- Raw data
● ● ● ● ●

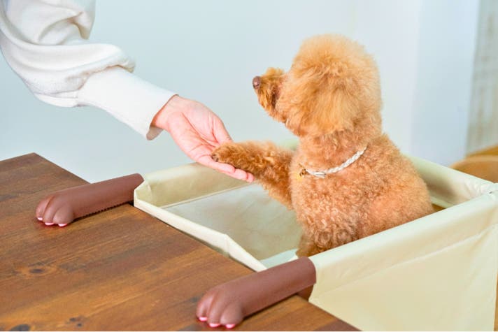 肉球アームのペットチェア『Chocorin(チョコリン)』は、落下や飛び出しを防ぐリード付き。安心して食卓の時間を楽しめます。
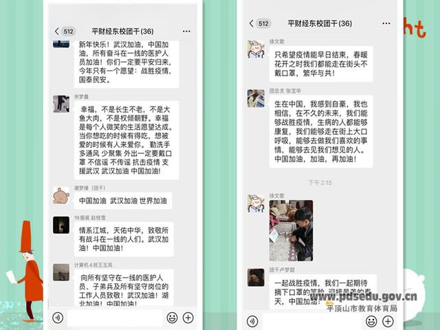 党有号召,团有行动!此次团课同学们热情高涨,积极收看,纷纷发言。19服装赵桂雪说道:“情系江城,天佑中华,致敬所有战斗在一线的人们。武汉加油,中国加油!”,团干部卢梦甜说道:“一起战胜疫情,我们一起期待摘下口罩的笑脸,迎接最美的春天,中国加油!”此次团课展现出同学们面对疫情携手行动,为打赢疫情防控战坚定信心!团课上,同学们纷纷表示,要把这次的疫情当作学习的机会,静下心来想一想自己的人生规划,努力充实自己,锻炼自己,做好能做的、该做的事情,在疫情中茁壮成长,充分展现市财经学子良好的精神面貌。
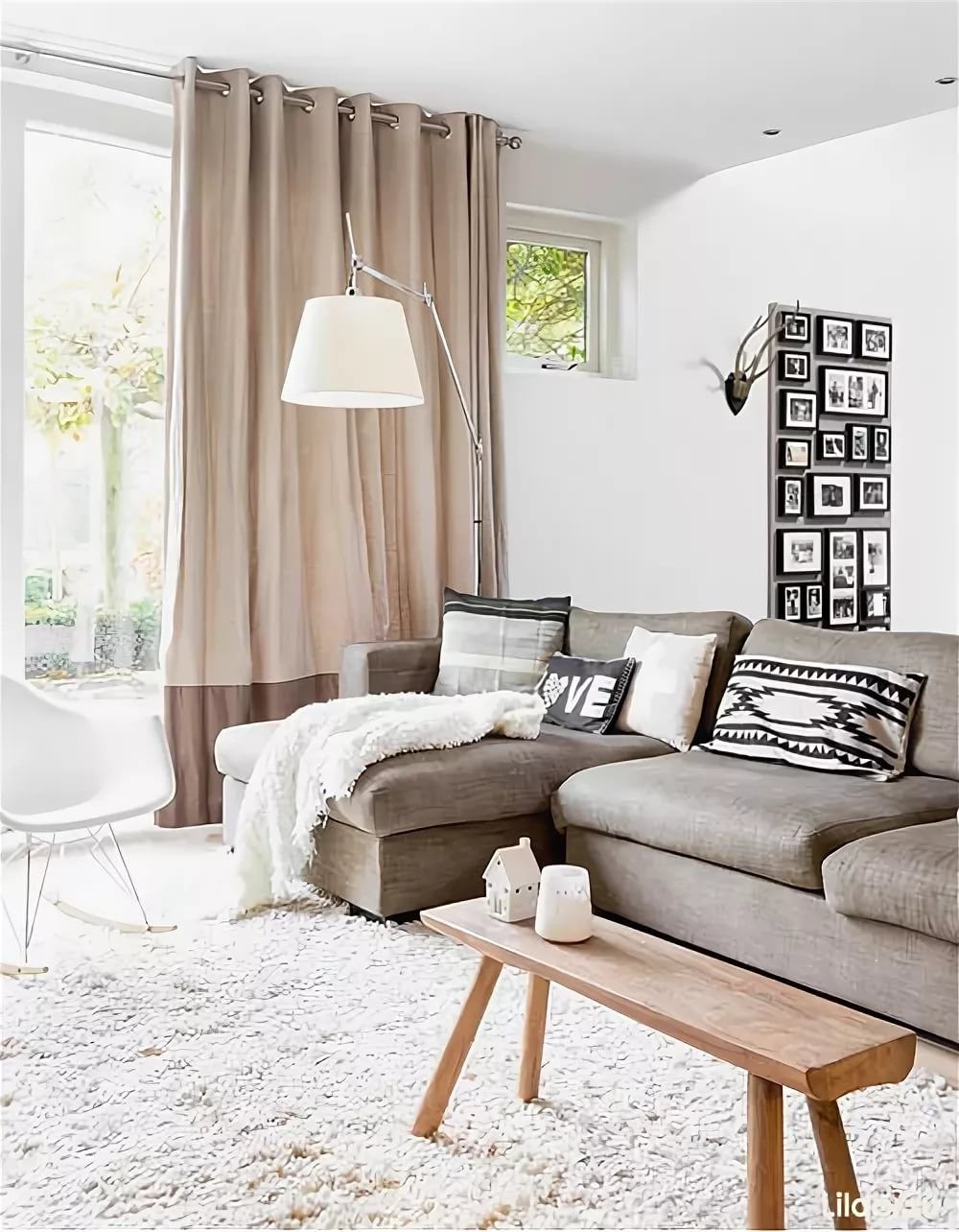 Бежево серая гостиная в скандинавском стиле
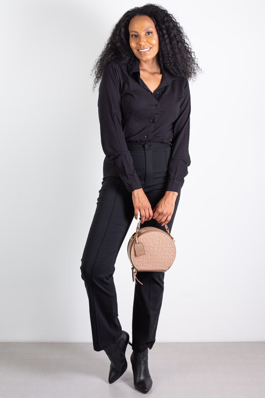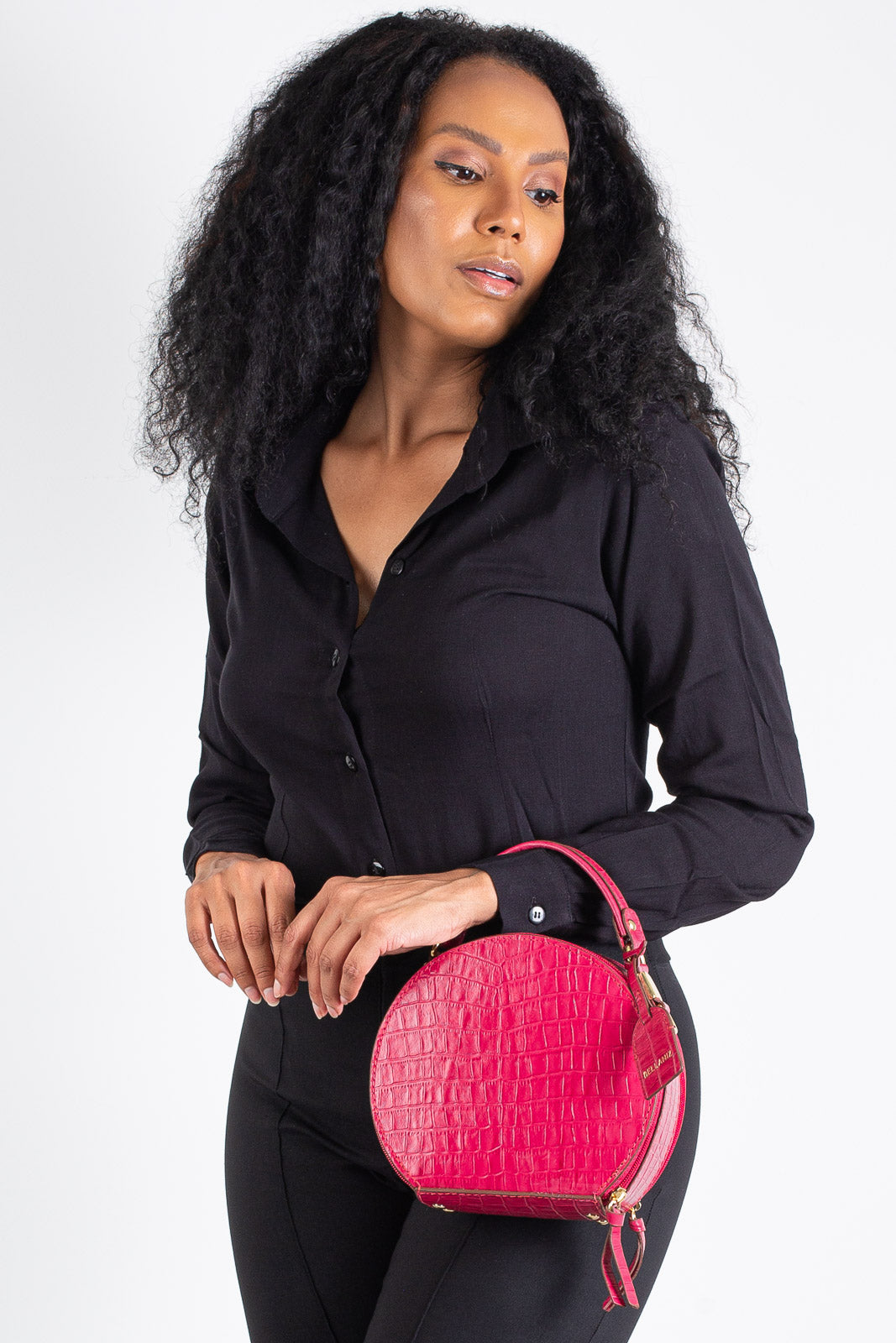 A mini bolsa Renata é fabricada em couro legítimo. Ela possui uma estrutura rígida, em formato redondo, com abertura dos dois lados em zíper. Possui uma alça de mão e uma alça opcional para ser usada no ombro, como tiracolo ou transversal.

● ● ● ● ●

- About this task
What is needed is an exact copy of the lines from the start of the listing above through the line that holds "党有号召,团有行动!此次团课", with the pictures left out.

- Exercise result
 肉球アームのペットチェア『Chocorin(チョコリン)』は、落下や飛び出しを防ぐリード付き。安心して食卓の時間を楽しめます。
 党有号召,团有行动!此次团课同学们热情高涨,积极收看,纷纷发言。19服装赵桂雪说道:“情系江城,天佑中华,致敬所有战斗在一线的人们。武汉加油,中国加油!”,团干部卢梦甜说道:“一起战胜疫情,我们一起期待摘下口罩的笑脸,迎接最美的春天,中国加油!”此次团课展现出同学们面对疫情携手行动,为打赢疫情防控战坚定信心!团课上,同学们纷纷表示,要把这次的疫情当作学习的机会,静下心来想一想自己的人生规划,努力充实自己,锻炼自己,做好能做的、该做的事情,在疫情中茁壮成长,充分展现市财经学子良好的精神面貌。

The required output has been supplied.